- **EXTRACTED INFORMATION**:
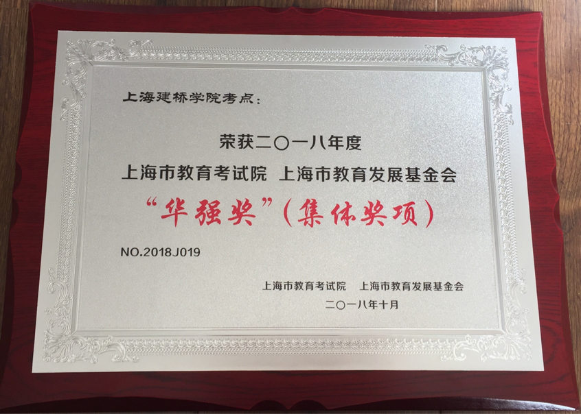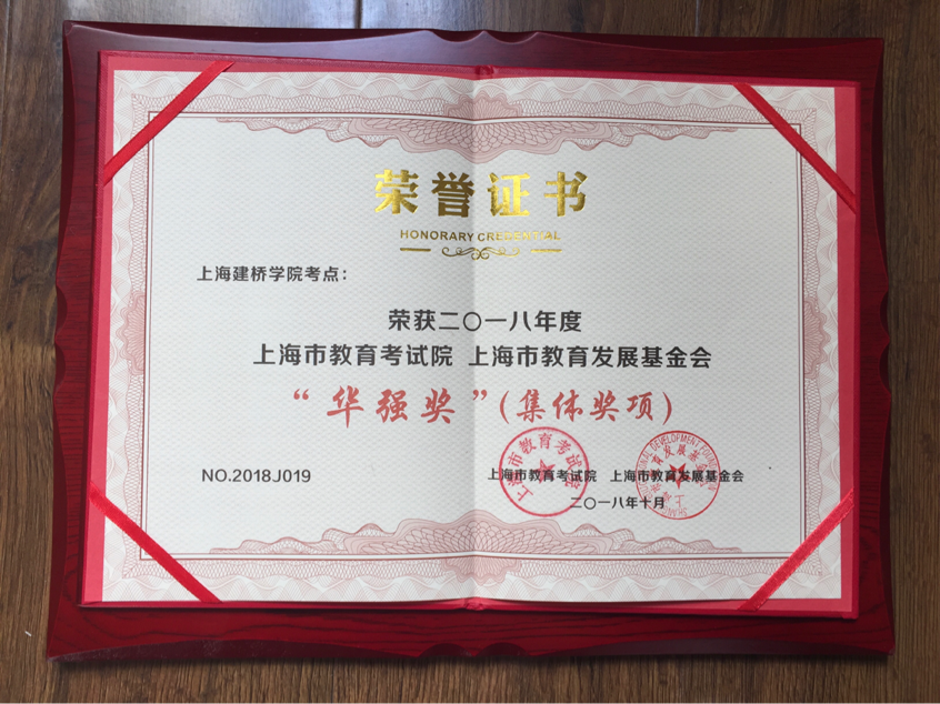 “华强奖”是由上海市教育发展基金会专设奖项,旨在推进考试招生制度改革、推动本市招考机构发展,激励和鞭策招考战线全体人员投身教育考试招生事业。上海建桥学院中小学教师资格考试(笔试)考点设立3年以来,已经顺利组织5 次考务工作:共安排布置考场388 个,组织考生10890 人次。建桥学院考点为临港高校在校生的教师资格考试提供了便捷的服务,其考务工作获得了广大师生的好评,也得到了上海市教育考试院的肯定。
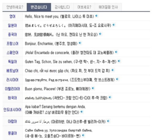 최근 해외여행이 급증하면서 외국어 인사법에 대한 네티즌들의 관심이 높아지자 포털사이트 네이버는 기초적인 회화 표현이 국가별로 정리된 표를 공개했다.
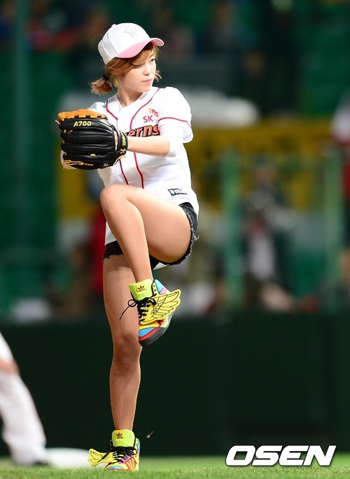 29일 오후 인천 문학구장에서 열린 '2012 팔도 프로야구' SK 와이번스와 삼성 라이온즈의 한국시리즈 4차전 인기 걸그룹 시크릿의 효성이 멋진 폼으로 시구를 하고 있다.
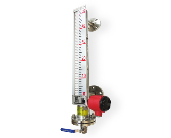 控制型是在翻柱液位計的基礎上增加了磁控開關,在監測液位的同時磁控開關信號可用于對液位進行控制或報警;遠傳型是在翻柱液位計的基礎上增加了 4~20mA 變送傳感器,在現場監測液位的同時將液位的變化通過變送傳感器、線纜及儀表傳到控制室,實現遠程監測和控制。
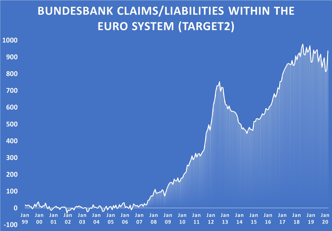 The corona-panic has caused cash to flood into Germany again, as expressed in the liabilities pooling at the German node of the ECB, the Bundesbank:
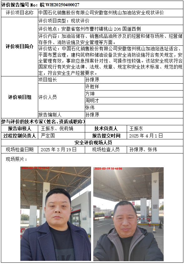 中國石化銷售股份有限公司安徽宿州桃山加油站安全現(xiàn)狀評價(jià)

- **DESCRIPTION OF THE TASK**:
Copy the records exactly as they appear, excluding images.

- **ANSWER**:
 “华强奖”是由上海市教育发展基金会专设奖项,旨在推进考试招生制度改革、推动本市招考机构发展,激励和鞭策招考战线全体人员投身教育考试招生事业。上海建桥学院中小学教师资格考试(笔试)考点设立3年以来,已经顺利组织5 次考务工作:共安排布置考场388 个,组织考生10890 人次。建桥学院考点为临港高校在校生的教师资格考试提供了便捷的服务,其考务工作获得了广大师生的好评,也得到了上海市教育考试院的肯定。
 최근 해외여행이 급증하면서 외국어 인사법에 대한 네티즌들의 관심이 높아지자 포털사이트 네이버는 기초적인 회화 표현이 국가별로 정리된 표를 공개했다.
 29일 오후 인천 문학구장에서 열린 '2012 팔도 프로야구' SK 와이번스와 삼성 라이온즈의 한국시리즈 4차전 인기 걸그룹 시크릿의 효성이 멋진 폼으로 시구를 하고 있다.
 控制型是在翻柱液位計的基礎上增加了磁控開關,在監測液位的同時磁控開關信號可用于對液位進行控制或報警;遠傳型是在翻柱液位計的基礎上增加了 4~20mA 變送傳感器,在現場監測液位的同時將液位的變化通過變送傳感器、線纜及儀表傳到控制室,實現遠程監測和控制。
 The corona-panic has caused cash to flood into Germany again, as expressed in the liabilities pooling at the German node of the ECB, the Bundesbank:
 中國石化銷售股份有限公司安徽宿州桃山加油站安全現(xiàn)狀評價(jià)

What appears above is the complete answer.